学术文献库

We study a nonlinear bounded-confidence model (BCM) of continuous-time opinion dynamics on networks with both persuadable individuals and zealots. The model is parameterized by a scalar $γ$, which controls the steepness of a smooth influence function. This influence function encodes the relative weights that nodes place on the opinions of other nodes.
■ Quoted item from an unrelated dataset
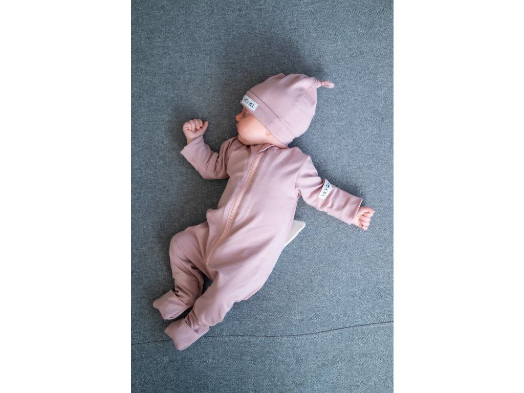 Latzhosen in den Größen 50, 56, 62/68 haben eine spezielle Verarbeitung an den Ärmeln, die es ermöglicht, die Hände zu bedecken und ein Kratzen im Gesicht zu verhindern und die Hände des Babys warm zu halten.

When $γ= 0$, this influence function recovers Taylor's averaging model; when $γ\rightarrow \infty$, the influence function converges to that of a modified Hegselmann--Krause (HK) BCM. Unlike the classical HK model, however, our sigmoidal bounded-confidence model (SBCM) is smooth for any finite $γ$. We show that the set of steady states of our SBCM is qualitatively similar to that of the Taylor model when $γ$ is small and that the set of steady states approaches a subset of the set of steady states of a modified HK model as $γ\rightarrow \infty$. For several special graph topologies, we give analytical descriptions of important features of the space of steady states. A notable result is a closed-form relationship between the stability of a polarized state and the graph topology in a simple model of echo chambers in social networks. Because the influence function of our BCM is smooth, we are able to study it with linear stability analysis, which is difficult to employ with the usual discontinuous influence functions in BCMs.